The Eastside already has several vacant big boxes, and if Aldi should build a store and go out of business, the area will be left with yet another empty storefront, she said.
In addition, the store would bring another 2,000 vehicles per day through the busy intersection. “Something that would generate less traffic would be a far better fit for that location,” Dickerson said, such as a medical or dental office, a restaurant or a bookstore. The new University of Georgia veterinary hospital on College Station Road could raise property values, leading to increased interest in the parcel, she said.
Planning commissioners unanimously recommended approving Aldi’s plan. Their reasoning was that someone else could build something worse under the existing zoning—logic that Dickerson rejected. “I don’t think we need to make decisions on community planning based out of fear,” she said, and she added that the Eastside wants investment and jobs, but those who want eastsiders’ business should be willing to work with neighbors.
The days of ward courtesy (when commissioners would follow the district representative’s lead on zoning matters) are long gone, but several other commissioners said they share Dickerson’s concerns.
Boulevard Woods: Construction is underway on this pocket park on Barber Street where Boulevard dead-ends, and it’s expected to be completed in about three months. Crosswalks have already been installed in front of the park. It’s being built with funds raised from the community and volunteer labor on ACC-owned property.
A Solid Choice: Waste Reduction Administrator (aka recycling czar) Suki Janssen has been appointed director of the ACC Solid Waste Department, replacing the retired Jim Corley (for whom life must have lost all meaning when his nemesis, Commissioner Doug Lowry, lost his re-election bid last year). As interim director, Janssen oversaw the rollout of robotic garbage trucks and changes to the leaf-and-limb pickup program. “I can absolutely tell you she’s proven herself,” Manager Alan Reddish said.
Media Matters: It’s been a rough few weeks for our friends and competitors at the Athens Banner-Herald. First the paper made a couple of egregious spelling errors in a headline both online and in print—not that Flagpole has never made a mistake, but these were particularly cringeworthy. (We’re told the person responsible has been fired.)

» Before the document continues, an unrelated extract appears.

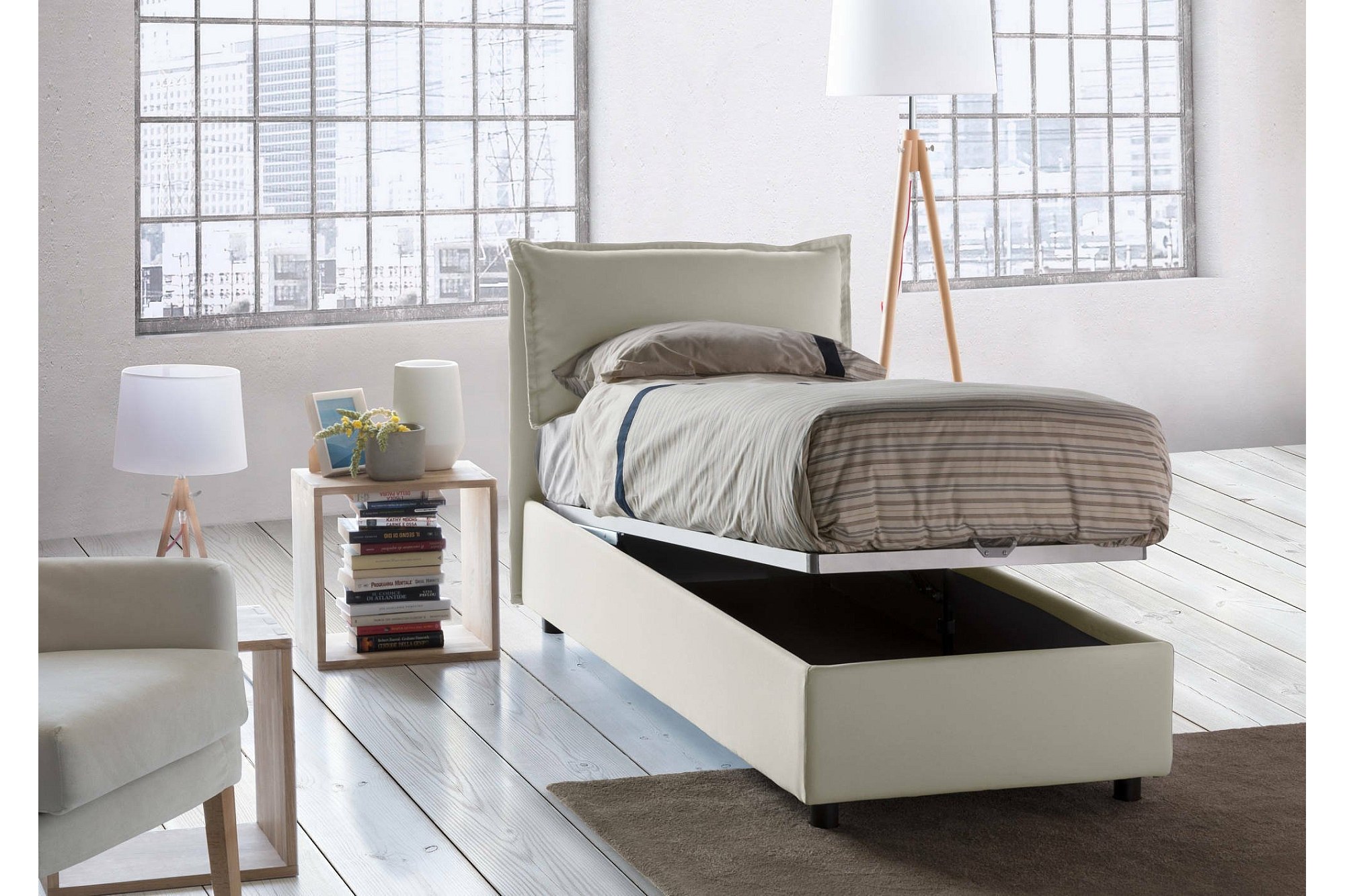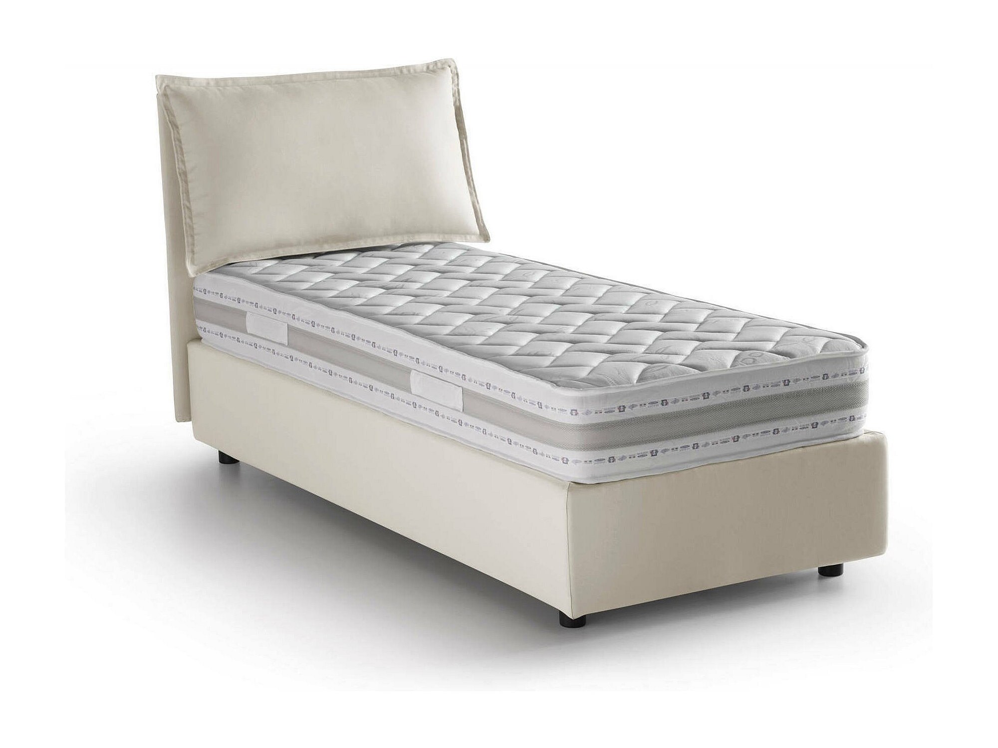 Lit simple Dcrnigo, Lit coffre avec revêtement en tissu, 100% Made in Italy, Ouverture frontale, avec matelas 90x200 cm inclus, Beige

Then the website erroneously reported that the sun had exploded, and the subsequent correction went viral. The official word was that the ABH was “the victim of on online miscue,” which could mean anything. Were they hacked? Was it a joke? Did someone screw up? (It was the former, supposedly. Call me cynical, but I wouldn’t put it past a few folks over there to do something like this on purpose for the clicks.)
After all those lulz, the paper redeemed itself with some old-fashioned standing up for the First Amendment, fighting Judge Patrick Haggard’s gag order prohibiting any reporting on jury selection for the Jamie Hood trial, which is unconstitutional prior restraint. While District Attorney Ken Mauldin led the way and the daily’s publisher had to be shamed into action, the ABH was preparing its own motion when Haggard lifted the most egregious parts of the order.

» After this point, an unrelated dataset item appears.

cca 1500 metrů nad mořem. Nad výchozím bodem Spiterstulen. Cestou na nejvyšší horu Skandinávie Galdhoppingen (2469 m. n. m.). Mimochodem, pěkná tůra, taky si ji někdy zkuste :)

Last month, veteran newspaperman Ed Morales took over at the Banner-Herald in the newly created positions of editor-in-chief and director of content. Morales was formerly the copy desk chief and until 2013 served as editorial advisor at The Red & Black. (He’s also—full disclosure—married to Flagpole contributor Kristen Morales.)
Meanwhile, his old job at the college paper will be filled, starting in August, by Atlanta magazine editor and Grady College instructor Rebecca Burns.